Feature standardization is mainly used to avoid the uneven impact of feature parameters on the array [17]. For example, assuming that the user’s feature browsing time is morning, afternoon, evening, and early morning, we can divide it into 0.01, 0.33, 0.66, and 0.99. The following parameters are between 0 and 1.

The feature parameters used in this article are common consumer feature data. From the literature, we can see that some operators use the number of consumer web views, stay time, clicks, page scrolling, and mouse movement trajectory data as a consumer’s group characteristics. And then use algorithms to push discount modules to consumers according to the feature data to improve performance. In our experiment, we selected the following user characteristics data and the current environment state, and we organized the following characteristics as shown in Table 1.

The user features are the data filled in by the user, and the time feature represents the user’s shopping habits, such as buying in the morning or afternoon, buying things on Mondays, and the month representing the festive period that affects shopping.

The lever selected in the situational Multiarmed Bandit algorithm defined in this paper is a promotion scheme for agricultural products. In the Multiarmed Bandit algorithm, not only the characteristic of the user is included in the calculation but also the characteristics of the product itself.

On the agricultural product sales website that we used to test our simulation in this article, we will provide merchants with instructions for filling in the characteristics of agricultural products. Some important characteristics are shown in Table 2.

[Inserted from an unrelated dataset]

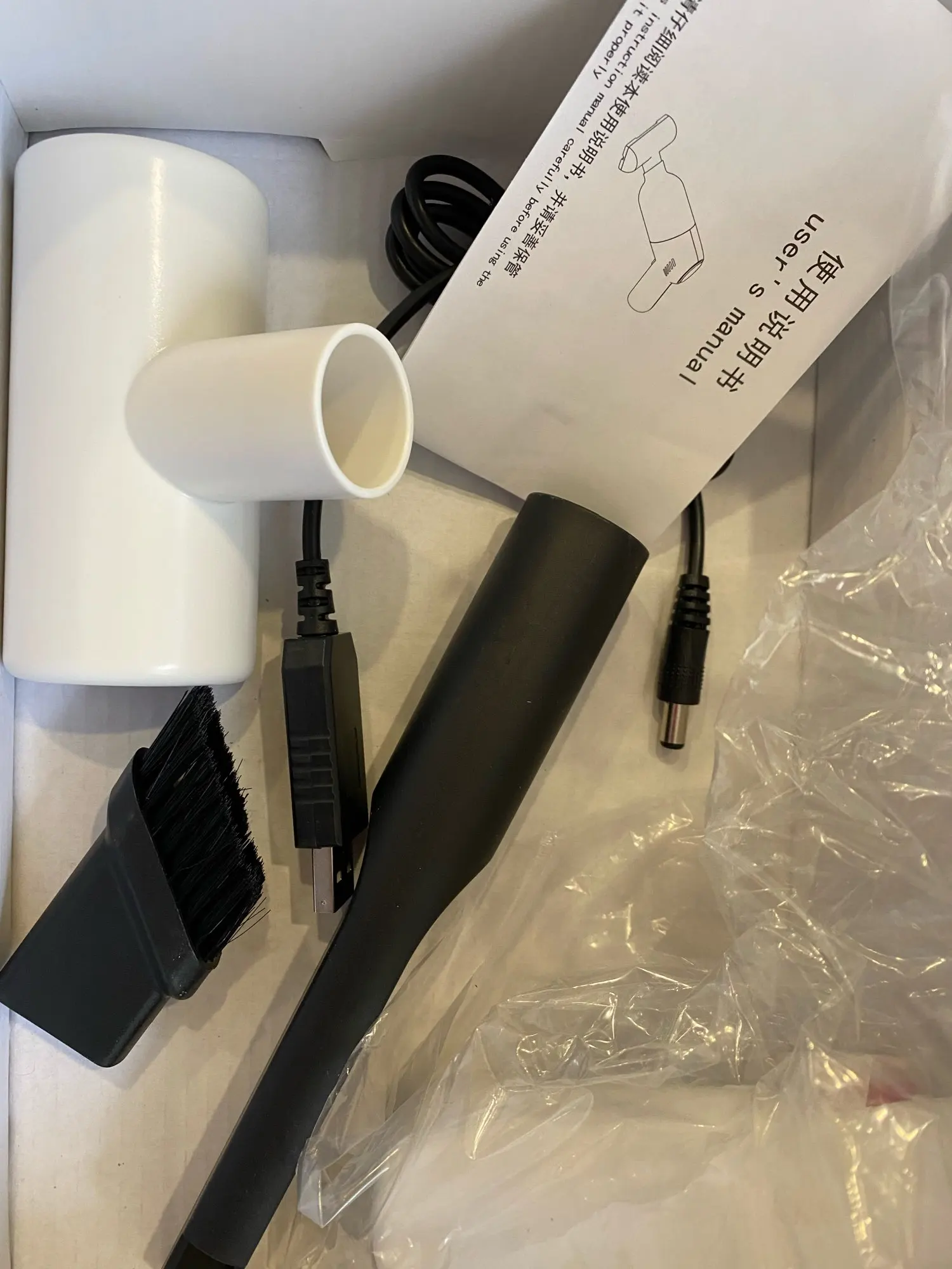 Всё пришло и работает. Приехал заряженный, не знаю правда на сколько, но сразу из коробки заработал. Три насадки и кабель для зарядки. Тяга довольно хорошая для такого малыша. Советую к покупке!!!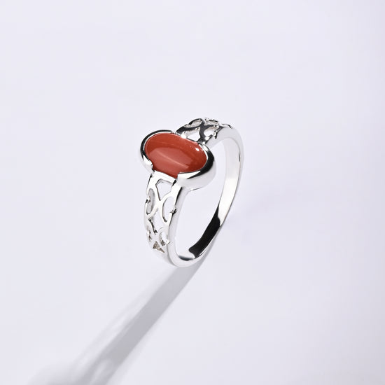 Deep Coral (Moonga) Ring – 925 Silver Elegance - #1219HB

After we define the user features and the agricultural features, then formalize the user features, and use the user’s features to calculate the degree of preference for the product, calculate the probability of purchasing the product, and finally record.

The data set is divided into three data sets, with 800 people to 5 products on 30 days, 800 people on 30 days to 10 products, and 30 days 800 people to 20 products. The number of people fixed at 800 is the daily number of visitors to the simulated site, and the change in the number of products is the complexity of the simulation environment selection. The reason why the products are divided into 5, 10, and 20 is also due to the increase in the calculation and quantity of products between the two algorithms, Hybrid-LinUCB and CoLin. Therefore, it must be limited to 20 products in order to complete the experiment. The main reason for dividing 30 days is that date features are also included in user parameters, so the performance sections of the algorithm are listed daily for comparison.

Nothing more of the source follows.